As per the EEC decision, domestic and tandoor users will be exempted from the price increase. This is a good decision and was expected. The weighted average consumer gas price for FY20 for both SNGPL and SSGC combined was Rs738/mmbtu. As per OGRA’s determination of Rs813/mmbtu, the weighted average consumer price (WACP) would have increased by a very reasonable 10 percent – and the impact even after taking out the domestic consumers would not have been more than 15 percent.
But the mention of Rs930/mmbtu as the weighted average price till February 2021 is confusing. This is because not only does it lead to an increase of 26 percent from last year, but it is also inexplicably higher by 14 percent from the regulator’s determined price. For Rs930/mmbtu to be the case, prices for the industrial sector will have to go considerably higher, and not by Rs40-50/mmbtu, as quoted by some quarters.
Now the question is: What will become of the textile and other export-oriented sectors in case the weighted average consumer price does indeed go up to Rs930/mmbtu. Earlier, the gas price for the textile sector was set at Rs786/mmbtu for FY20 – the lowest amongst non-domestic users. With more RLNG being allowed to be pumped into the system, the higher weighted average consumer price makes sense, but it can still not be possibly higher than the prescribed price by the regulator. To remove any confusion, experts have suggested that the detailed consumer price by category be shared with the public.
Along with the prices, another issue is that of shortage. Already reports of impending gas loadshedding are coming as the winter season approaches. It is said that this time, the gas shortage is likely to be much grimmer than the previous years because the time has come when provinces other than the Punjab too will become gas deficient and face shortages. The current natural gas shortfall is expected to exacerbate in the coming months. It may be added here that the recent loadshedding in the K-Electric system because of gas shortages was an indicator of the situation to come.

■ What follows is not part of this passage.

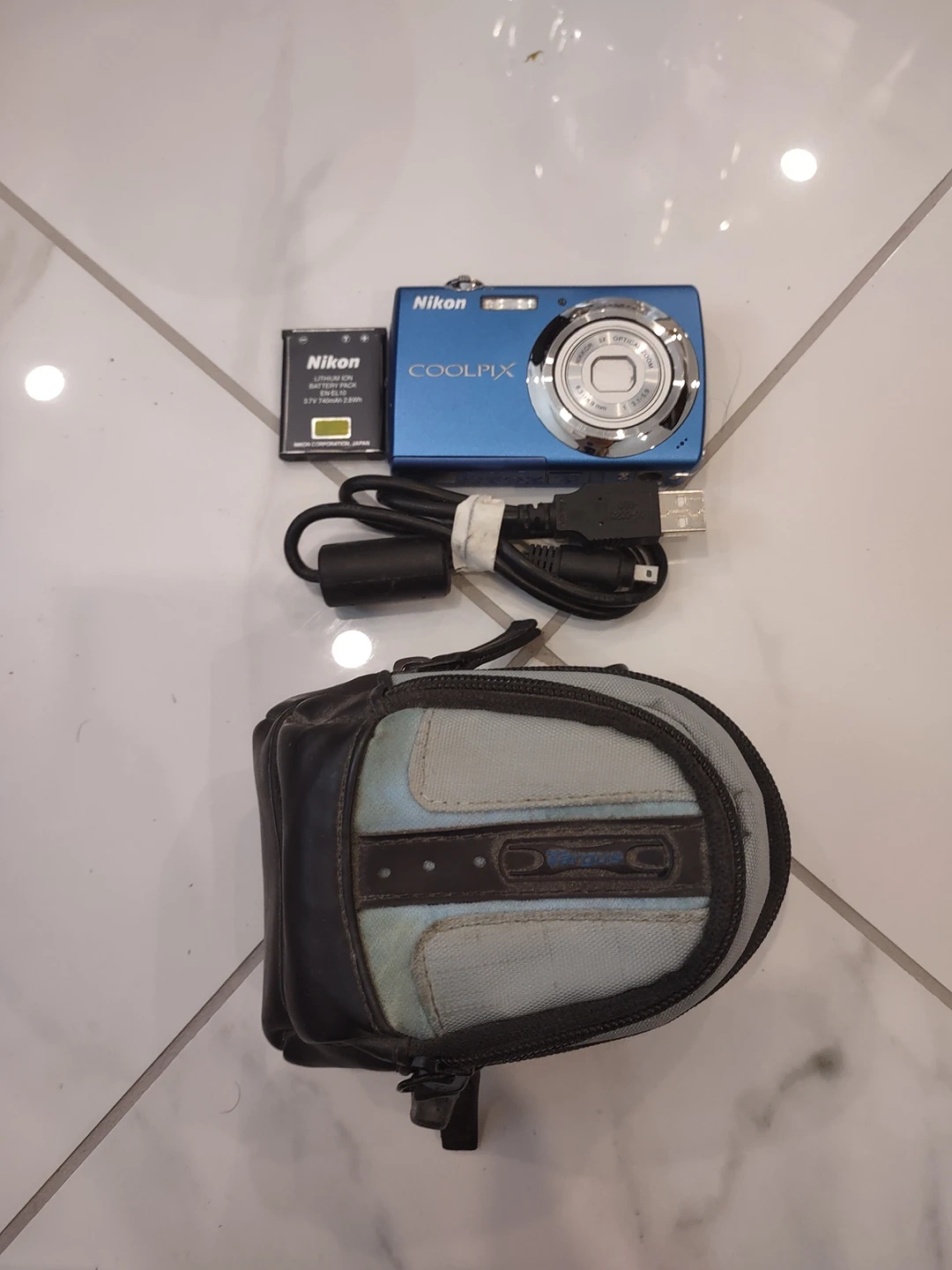 Nikon Coolpix digital camera. Comes with carrying case, A/V USB cable, rechargeable battery. Not included: needs MicroSD card to store and transfer images.
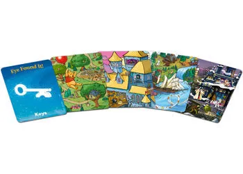 Players search their illustrated cards each turn for a specific hidden object, discarding cards as they find matches.

According to the Oil and Gas Regulatory Authority, the gas demand and supply gap during FY2019 was 1.4 billion cubic feet per day (bcfd), which is expected to rise to 3.7 bcfd by FY2025 and 5.4 bcfd by FY2030. Predictions for the upcoming winters are as high as 1.5 bcfd by industry experts and stakeholders, while government officials have been foretelling close to 800mmcfd shortages in the gas network. Special Assistant to Prime Minister (SAPM) on Energy, Nadeem Babar, has repeatedly said that the SSGC network, that serves Sindh and Balochistan, is likely to face a higher shortfall this year than the SNGPL network serving the Punjab and Khyber Pakhtunkhwa. The SSGC network shortfall could touch 400mmcfd while the SNGPL network will face a demand and supply gap of 350mmcfd.
The supply-demand gap in the gas sector has been widening over the years. The current gas demand in the country stands at around 7.5 bcfd, while the indigenous production has come down to 3.5 bcfd. Gas production is declining at a rate of 9.5 percent annually, and the circular debt has also affected the gas sector, touching Rs250 billion. This means that to increase the supply side, the country will have to rely on imported RLNG. But, here the federal government and the Sindh government are at loggerheads as the latter is not ready to consume LNG and hence does not agree to the weighted average gas pricing proposal by the federal government as it will increase the price. On the other hand, the federal government has proposed an additional 150 mmcfd in the form of RLNG to Sindh if it issues the right of way for an additional gas pipeline.
Reportedly, the government is planning to build underground gas storage to avert a gas shortage in the future. For this, the Asian Development Bank has agreed to complete a study on the methodology of underground gas storages till May 2021. This will call for a consensus between provinces and the federation to jointly address gas shortfall issues. Of vital importance in this connection is 100 percent utilization of the two RLNG terminals, and increased LPG production and lowering its cost for those without piped gas (28 percent of gas consumers) as well as those with piped gas but facing a shortage in winter months. All said, the ultimate solution lies in boosting the indigenous production of gas.